# Aggression - Dominance or Fear?



## David Walter (Aug 2, 2008)

A question for the group. How often have you seen fear aggression misdiagnosed as dominance aggression? Was wondering since it would seem like it would be a pretty common with so many "expert" trainers out there.


----------



## Kyle Sprag (Jan 10, 2008)

not often at all. not an "expert" :lol:


----------



## Howard Knauf (May 10, 2008)

All the time. Mostly in pet dogs, but a few police dogs as well.

Howard


----------



## Bob Scott (Mar 30, 2006)

That's exactly why the PPD trade is so "rewarding"!  
To many dog "experts" snowing the public. 
I couldn't tell you how many folks have come out to our club in the past 5 yrs to get their bada$$ dogs evalluated. They usually wind up leaving with their tails tucked tighter then their dog's.


----------



## Lyn Chen (Jun 19, 2006)

Not just that. Even in sports. Common dominance signs like always growling or humping other dogs may indicate a dog that is a little bit insecure, hence why he tries so hard to be dominant. Real dominant dogs normally don't have to show other dogs how strong they are...they know it, and you know it, and if you don't you will with the completely straightforward way they deal with other dogs crossing the line. Yet with so many people, they are so impressed when they get a pup that blindly tries to hump other dogs or even themselves, or was always snapping and growling with its littermates.


----------



## David Walter (Aug 2, 2008)

Interesting. Why I was wondering is that I am currently working with a GREAT (can't stress that enough) trainer on Sasha's aggression which is he diagnosed as fear aggresion. He is a PSD trainer who has trained a pretty fair number of the PD dogs in this area. It took a while before I found someone I was comfortable with to help since I don't believe half of the BS people claim.

Have been making huge strides. Having never dealt with this in a dog before I can see how it can be misdiagnosed.


----------



## Jeff Oehlsen (Apr 7, 2006)

It is not always easy to see exactly what is going on in a dog right away, as not all of them are blatant examples. I have seen dogs that pick and choose who to be weird around. Not a lot of fun when they brought the dog to you and the dog is just hanging out and comfortable with you. Plus they look at me as the expert.......AAAAAAAAAAAAAAAAAAAAAAAAAAAHAHAHAHAHAHAHAHAHAHAHAHAHAHAHAHAHA

Should have "sold" them my super PPD package.#-o #-o #-o


----------



## Jeff Oehlsen (Apr 7, 2006)

Another really terrible thing is terminology. You and I could be talking about the same thing, and call it something different.


----------



## Mike Scheiber (Feb 17, 2008)

Bob Scott said:


> That's exactly why the PPD trade is so "rewarding"!
> To many dog "experts" snowing the public.
> I couldn't tell you how many folks have come out to our club in the past 5 yrs to get their bada$$ dogs evalluated. They usually wind up leaving with their tails tucked tighter then their dog's.

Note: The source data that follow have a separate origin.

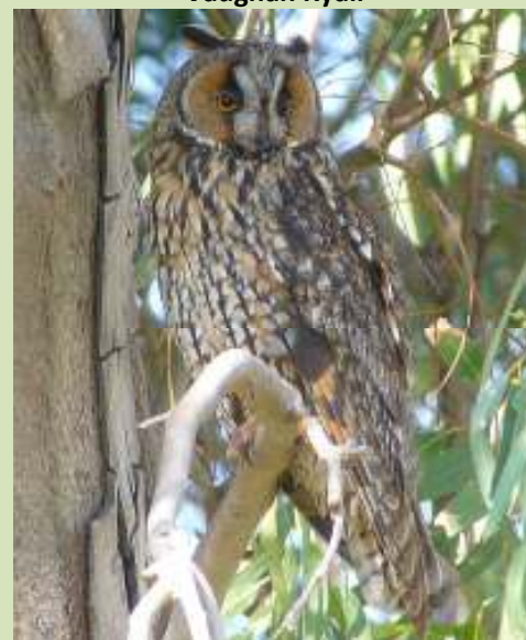
What great views we got of this adult Long-eared Owl
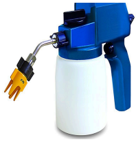
Vision Oil Spray Gun
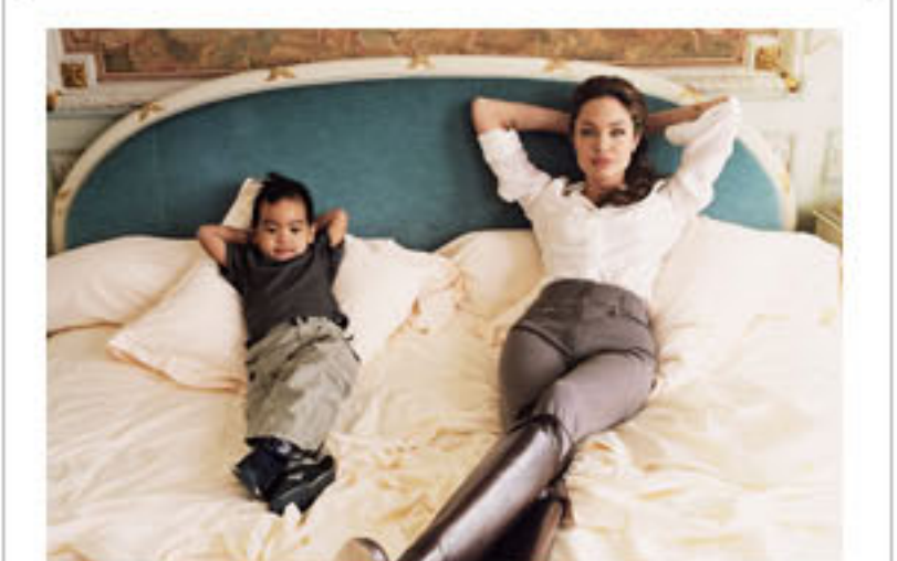
Oscar Moms! For Mother's Day, VF.com presents a gallery of Academy Award-winning mothers and their awe-inspiring offspring.

People come up with more goofy terms and psycho bullshit on this board. These are the 5 terms that sum things up in our club. shitters, sort of a shitter, damn good one, good one, or a pretty good one. 
Bob our club has been around long enough ( mid 70's)that the one's you are speaking of don't even bother coming out we also charge 75 bucks for testing. Once in a wile we get one I missed the last one. Claimed to be a retired LEO now a US Marshal had 2 purdy black and tans#-o taking big. Guess what surprise SHITTERS the SOB bounced us a check for 150.00 bucks.


----------



## Connie Sutherland (Mar 27, 2006)

Mike Scheiber said:


> People come up with more goofy terms and psycho bullshit on this board.....


Like _dominance_ and _fear?_

Or _aggression? _ :lol:


----------



## Mike Scheiber (Feb 17, 2008)

Connie Sutherland said:


> Like _dominance_ and _fear?_
> 
> Or _aggression? _ :lol:


A question for the group. How often have you seen fear aggression misdiagnosed as dominance aggression? Was wondering since it would seem like it would be a pretty common with so many "expert" trainers out there.
This is the OP's question above
My dog after some spirited bite work wants to hump the sleeve and on special occasions may ejaculate he's not growling if I called this behavior dominance aggression would I be misdiagnosing :-k


----------



## Mo Earle (Mar 1, 2008)

> _My dog after some spirited bite work wants to hump the sleeve and on special occasions may ejaculate he's not growling if I called this behavior dominance aggression would I be misdiagnosing _












I have allowed dogs to carry a sleeve away for a reward, but why would your dog have the sleeve long enough to experience those "special occasions?"=; what kind of training is taking place here?? 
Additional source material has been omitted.